Patrick Massot (Feb 23 2024 at 16:36):
And indeed the difference with Rémy is probably a version mismatch.
Patrick Massot (Feb 23 2024 at 16:37):
I will try some naive workaround.
Patrick Massot (Feb 23 2024 at 16:44):
I pushed a new version
Sébastien Gouëzel (Feb 23 2024 at 16:44):
I have fixed it by updating gitpython. The old version was 3.1.0, and by updating to the last version (3.1.42) the issue disappeared.
Sébastien Gouëzel (Feb 23 2024 at 16:44):
So the best fix is probably to bump the requirements.
Patrick Massot (Feb 23 2024 at 16:44):
Oh no
Patrick Massot (Feb 23 2024 at 16:45):
I wanted you to test with your old version
Patrick Massot (Feb 23 2024 at 16:47):
The changelog of GitPython is a list of links instead of a searchable flat page… I really wonder what they were thinking about…
Sébastien Gouëzel (Feb 23 2024 at 16:53):
I've reverted to gitpython 3.1.0, so I can test the new version (I have just tested that the current one is failing as it used to).
Patrick Massot (Feb 23 2024 at 16:55):
Thanks.

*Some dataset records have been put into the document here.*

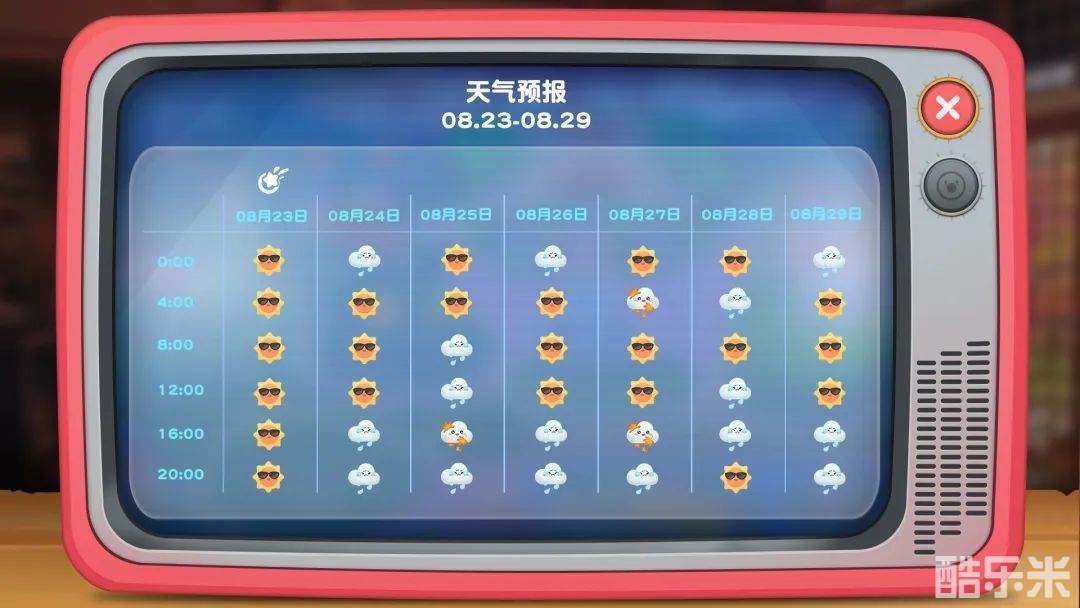 下面为大家放送未来一周的天气预报。夏天的蝉鸣声渐渐远去,飘落的枫叶作为信差带来了秋天的气息,25日庄园将正式迎来秋季啦!距庄园气象台观测,全新天气——枫叶雨将在25日下午16:00首次出现,届时小摩尔可以代替秋天的第一杯奶茶,跟友摩一起欣赏秋天的第一场枫叶雨哦!
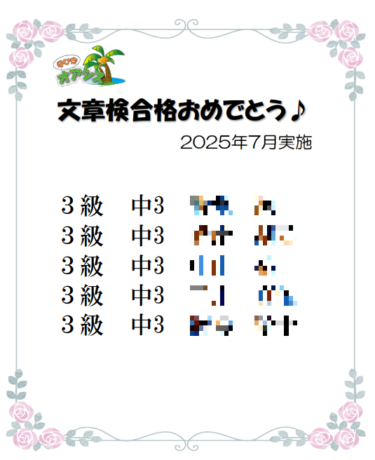 ※個人情報保護のため、個人名が分からないように加工しています。教室にはお名前が分かる形で掲示しています。
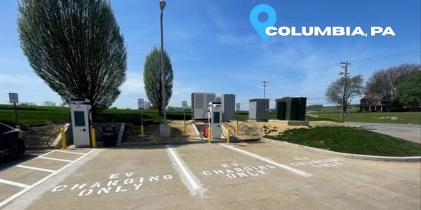 Pennsylvania’s latest NEVI site at Sheetz (with EA) awaits a transformer | Credit: Tim R.
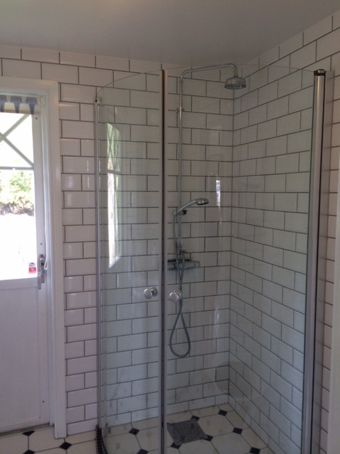 Dusch med glasade väggar och det är Stefan som gjort precis allting, från att ha satt väggarna till badrummet, dragit el, kalkat, lagt värme i golven, monterat handduks-tork, monterat alla möbler, ja han har helt enkelt gjort rubbet. Uppe på vinden liggs en 100 liters varmvattenberedare! På så sätt slapp vi att ha den i vårt badrum för sommarstugan är väldigt liten. Vi fick till och med plats med en tvättmaskin som bara är 40 djup men ändå har en 5 kg trumma. Perfekt, kan inte bli mer praktiskt och det känns lyxigt att ha två ställen med alla bekvämligheter på! Nu har han alltså även kopplat in vårt nya kommunala vatten och avlopp som sätts på för första gången i dag kl 20:00 och vi är färdiga med allt. Till och med diskmaskinen står på plats i köket! LYX!!
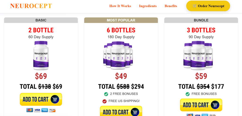Pricing for Neurocept is usually structured around bundle offers that encourage customers to purchase several bottles at once at a discounted price. This type of pricing strategy is common in supplement campaigns because it creates urgency while increasing the overall purchase amount.
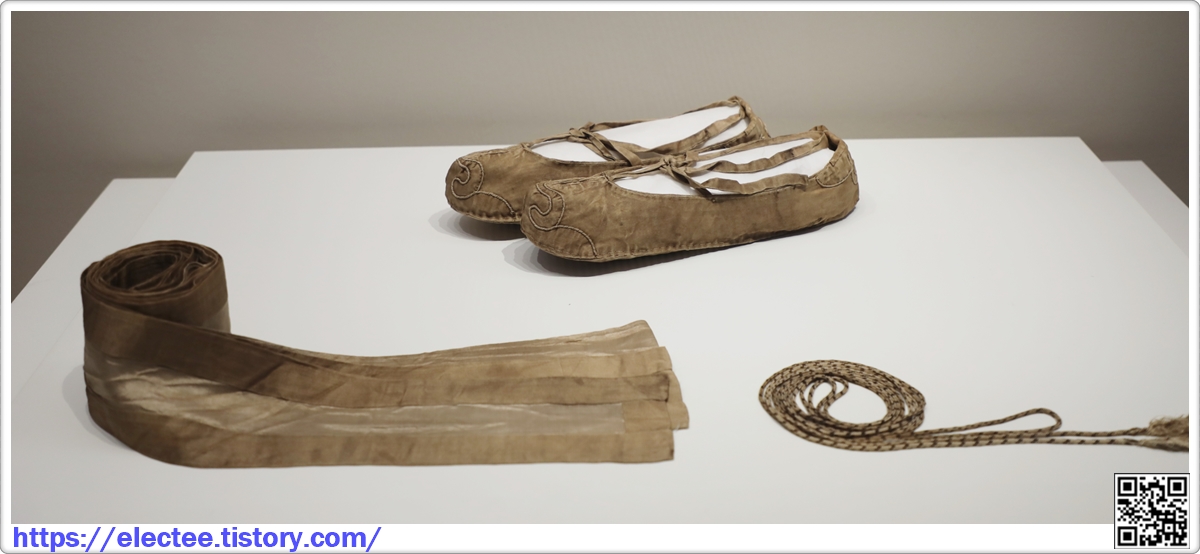 허리띠와 그 위에 거는 비단 끈장식, 천으로 만든 두건과 신을 함께 착용하고 있었는데,
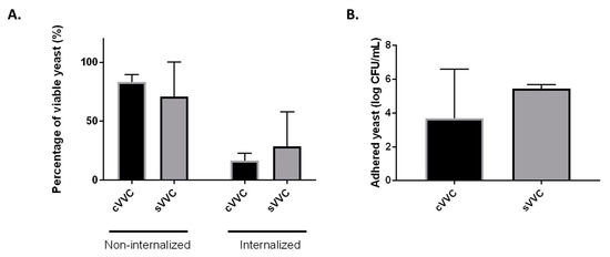Interaction of clinical vulvovaginal isolates with cell lines. (A) Percentage (%) of non-internalized and internalized viable yeast cells, compared with the initial suspension, after infection of RAW 264.7 cells with an MOI of 1 during 3 h. For each isolate, three infections assays were performed (n = 3), and each in triplicate. (B) Number of adhered yeast cells (log CFU/mL) after infection of HeLa cells with an MOI of 10. In both RAW264.7 and HeLa assays, differences between the two clinical groups were found to be non-significant (p > 0.05). cVVC: chronic vulvovaginal candidosis isolates; sVVC: sporadic vulvovaginal candidosis isolates.
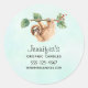 Des autocollants d'affaires avec une adorable paresse accrochés à l'envers d'une branche d'arbre. La branche d'arbre est décorée de feuilles tropicaux et de baies. Placez-vous sur un arrière - plan vert clair.
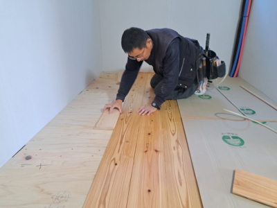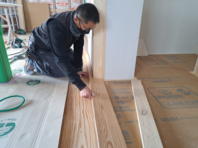 内部では棟梁による浮造りの床仕上げ工事へ。
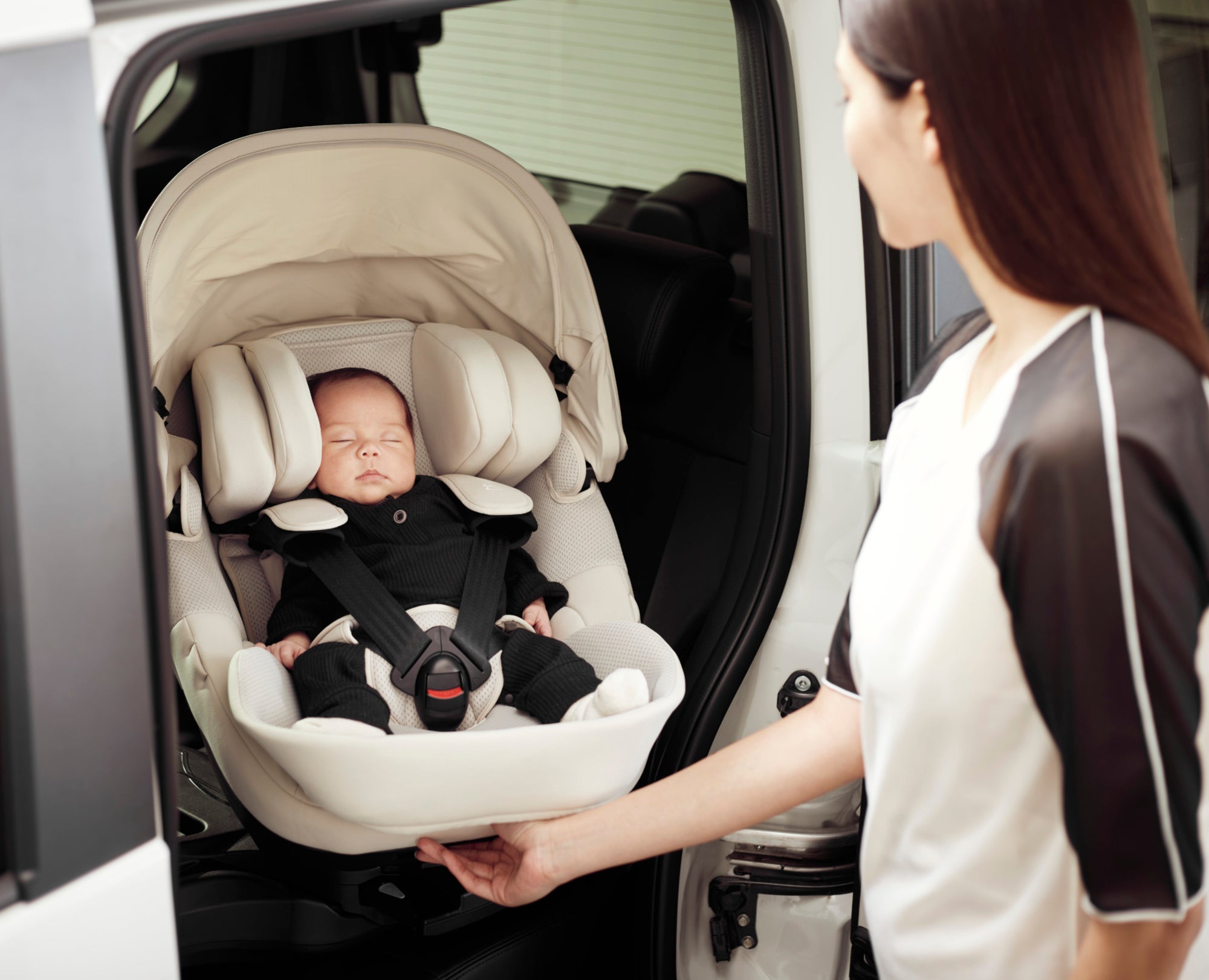 日本初の新機構※ 「360°回転×スライド×スイング」を搭載。乗せ降ろし時、腰の負担を14%軽減するチャイルドシートを発売|エールベベ
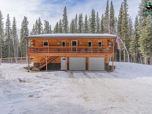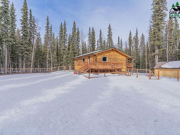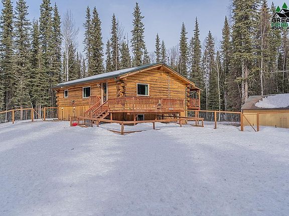 Alaska living at its finest! Beautiful 10" three-sided Custom Log family home. Energy efficient design. Radiant heat with pellet stove for backup and to add that warm feeling on those cold winter days. Nicely wooded 2-acre lot in quiet area close to North Pole and convenient to both bases. High vaulted tongue and groove ceilings make this space feel bright and open. You will love this spacious kitchen with new Hickory kitchen cabinets with attractive solid surface Quartz counter tops. The Corner pantry maximizes kitchen space. Impressive master suite with luxury bath design is sure to please. The Front covered deck welcomes all visitors and makes a great area to relax or entertain. The rear deck catches all the sun on those long summer days. The fenced yard with firepit and awesome tree house is exactly what you need to keep the kids and dogs happy and healthy. This home checks all the boxes for any family to enjoy what Alaska has to offer. There's even a low interest rate assumable loan. Don't wait, Call today!

I’m curious to see if it works. In the mean time I found the first version of gitpython with the fix is probably 3.1.28.
Sébastien Gouëzel (Feb 23 2024 at 16:58):
It doesn't work (if I'm testing the right version -- is there a way to see if I haven't screwed up?)
Patrick Massot (Feb 23 2024 at 16:59):
Let’s not waste more time with this, I will bump the requirement.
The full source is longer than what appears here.